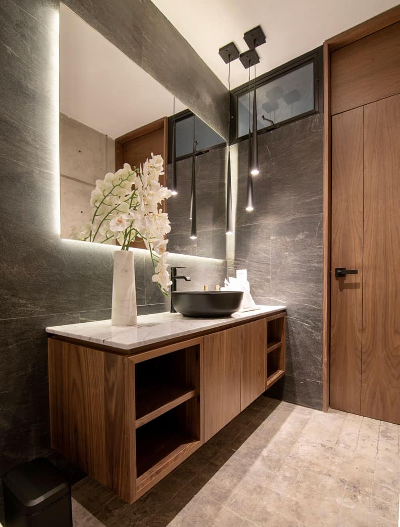 El walk-in closet es el vínculo que dirige hacia el baño de esta habitación, el cuál fue recubierto de mármol gris Rochelle en muros y pisos. Haciendo un contraste con el revestimiento de mármol blanco del mueble de baño, diseñado exclusivamente para este proyecto.
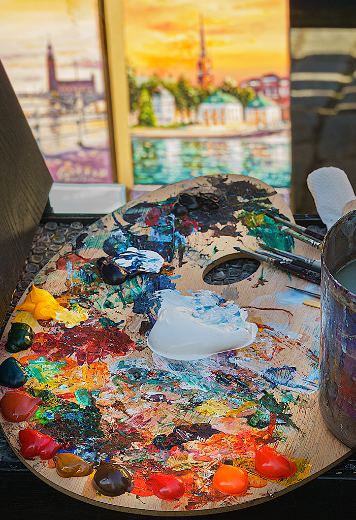 The painters are a fairly common scene traveling Europe and a nice memory. We bought a picture from a painter in Stockholm on our trip last June. I don't have that painting with me but the style looks similar. I think the image to my eye is a little flat and I would probably start by adding some mid-tone contrast. Attached image of a pallet that may have been from this painter. |
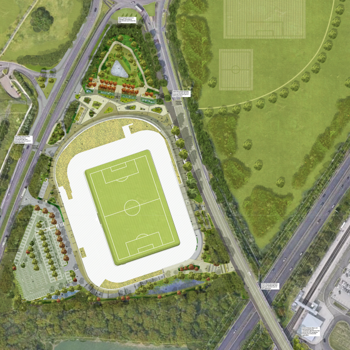 As the first all-electric stadium in the UK, Oxford United’s new home will operate entirely on renewable energy. The design incorporates 3,500 sq m of roof-mounted photovoltaic panels to help reduce demand on the national grid during matchdays. An air-source heat pump and highly efficient building fabric will remove reliance on carbon-based fuels, delivering an estimated 80% reduction in annual CO₂ emissions compared to gas boilers.
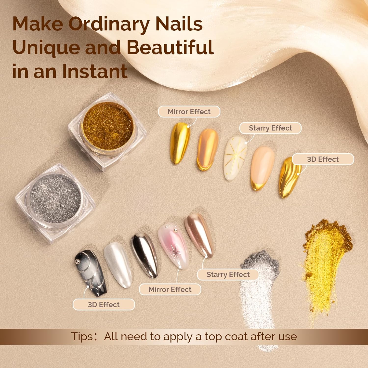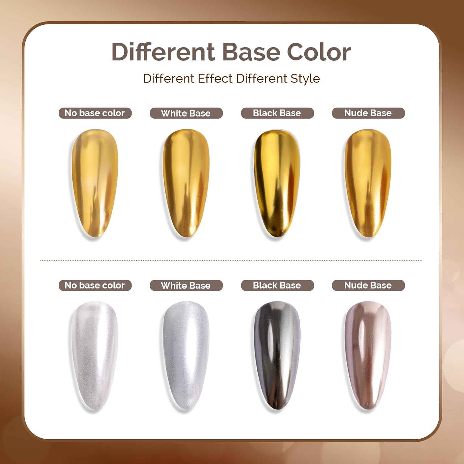 - Wide range of applications: suitable for UV gel nails, acrylic nails, natural nails or false nails. Easy to get a salon grade chrome effect without special techniques. Powder is easy to apply and suitable for beginners
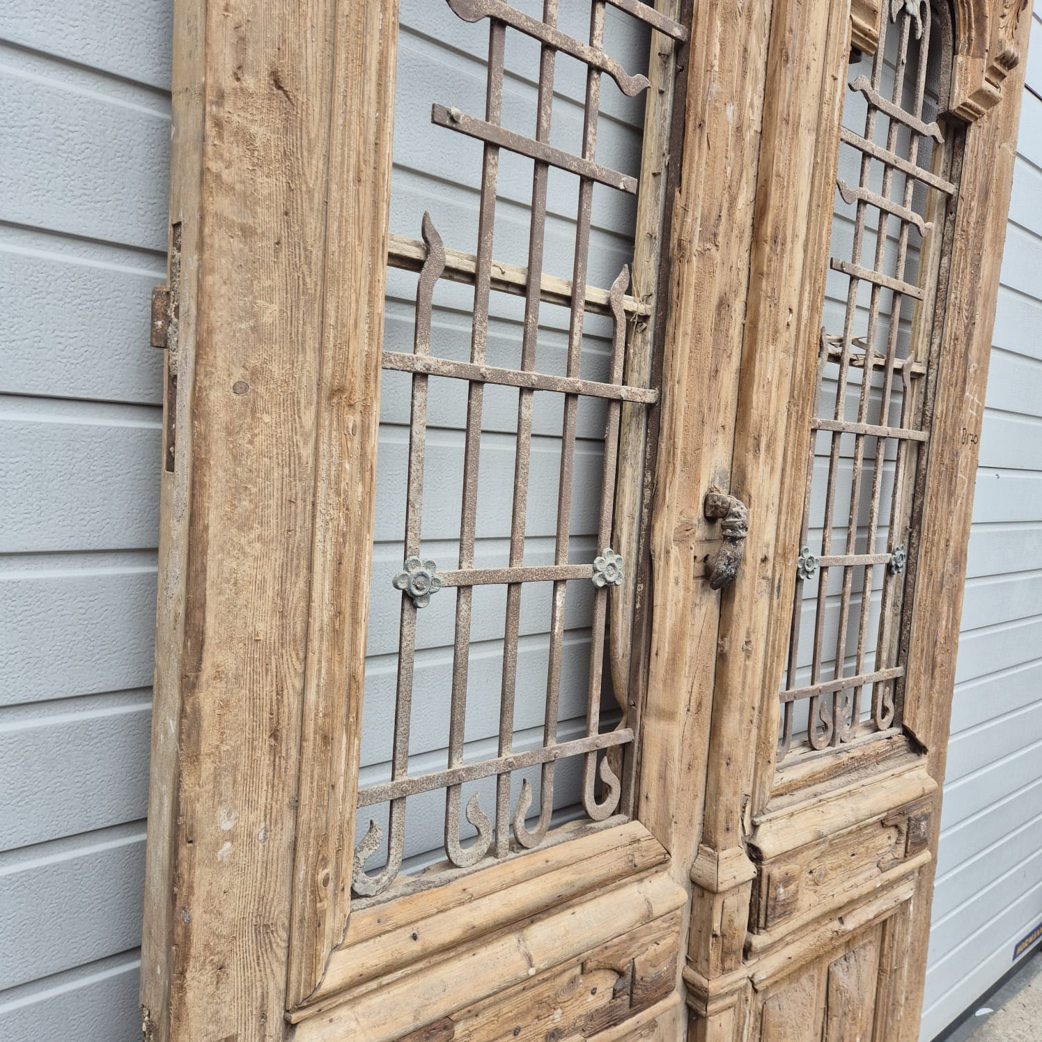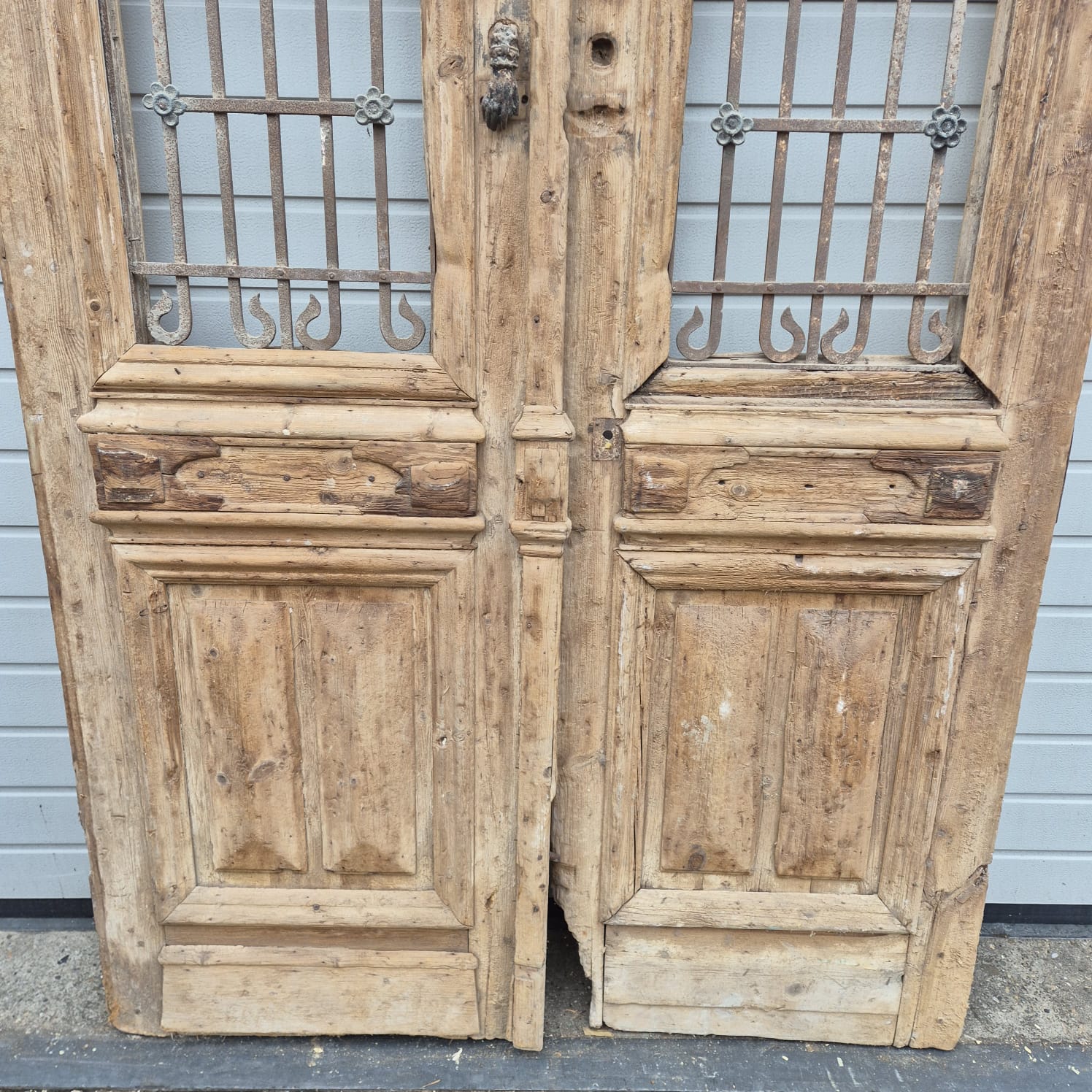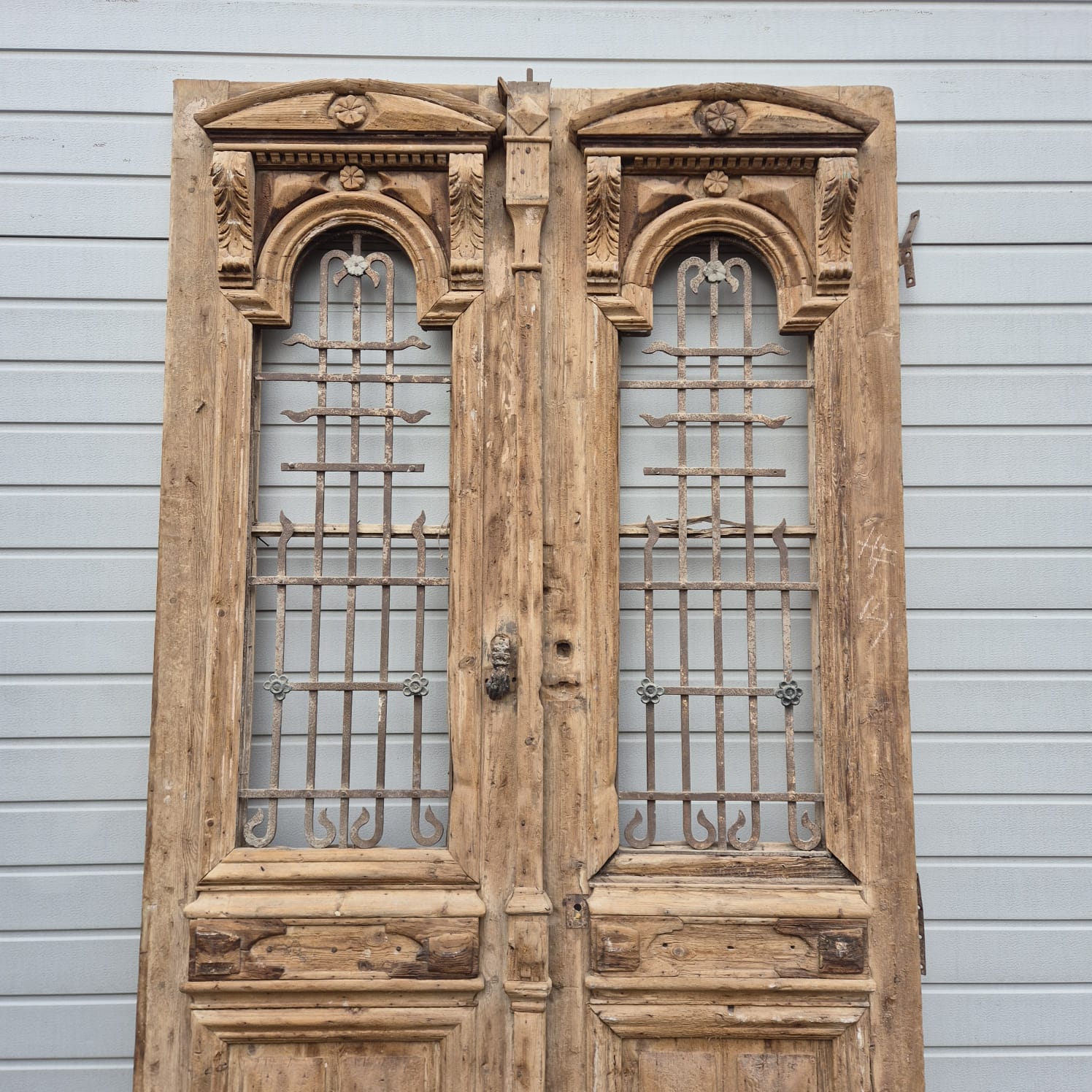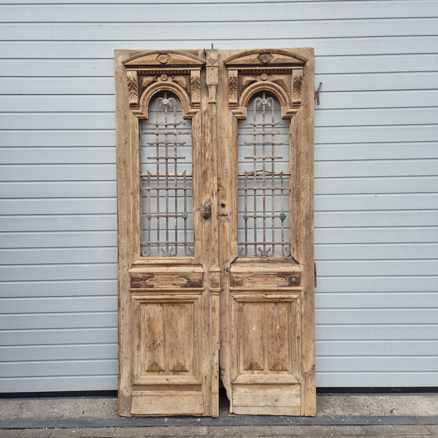 Give your home a unique character with this original example from the early 20th century. This double front door impresses with its authentic patina and the high-quality craftsmanship typical of the Gründerzeit era. Whether professionally restored or preserved in its charming shabby chic state, it is a real eye-catcher for historic buildings, country houses, or as a striking contrasting element in modern architecture.

▬▬▬

## DIRECTIONS FOR THIS TASK
The response is the full listing, copied exactly, with the pictures omitted.

## OUTPUT FOR THIS EXERCISE
 El walk-in closet es el vínculo que dirige hacia el baño de esta habitación, el cuál fue recubierto de mármol gris Rochelle en muros y pisos. Haciendo un contraste con el revestimiento de mármol blanco del mueble de baño, diseñado exclusivamente para este proyecto.
 The painters are a fairly common scene traveling Europe and a nice memory. We bought a picture from a painter in Stockholm on our trip last June. I don't have that painting with me but the style looks similar. I think the image to my eye is a little flat and I would probably start by adding some mid-tone contrast. Attached image of a pallet that may have been from this painter. |
 As the first all-electric stadium in the UK, Oxford United’s new home will operate entirely on renewable energy. The design incorporates 3,500 sq m of roof-mounted photovoltaic panels to help reduce demand on the national grid during matchdays. An air-source heat pump and highly efficient building fabric will remove reliance on carbon-based fuels, delivering an estimated 80% reduction in annual CO₂ emissions compared to gas boilers.
 - Wide range of applications: suitable for UV gel nails, acrylic nails, natural nails or false nails. Easy to get a salon grade chrome effect without special techniques. Powder is easy to apply and suitable for beginners
 Give your home a unique character with this original example from the early 20th century. This double front door impresses with its authentic patina and the high-quality craftsmanship typical of the Gründerzeit era. Whether professionally restored or preserved in its charming shabby chic state, it is a real eye-catcher for historic buildings, country houses, or as a striking contrasting element in modern architecture.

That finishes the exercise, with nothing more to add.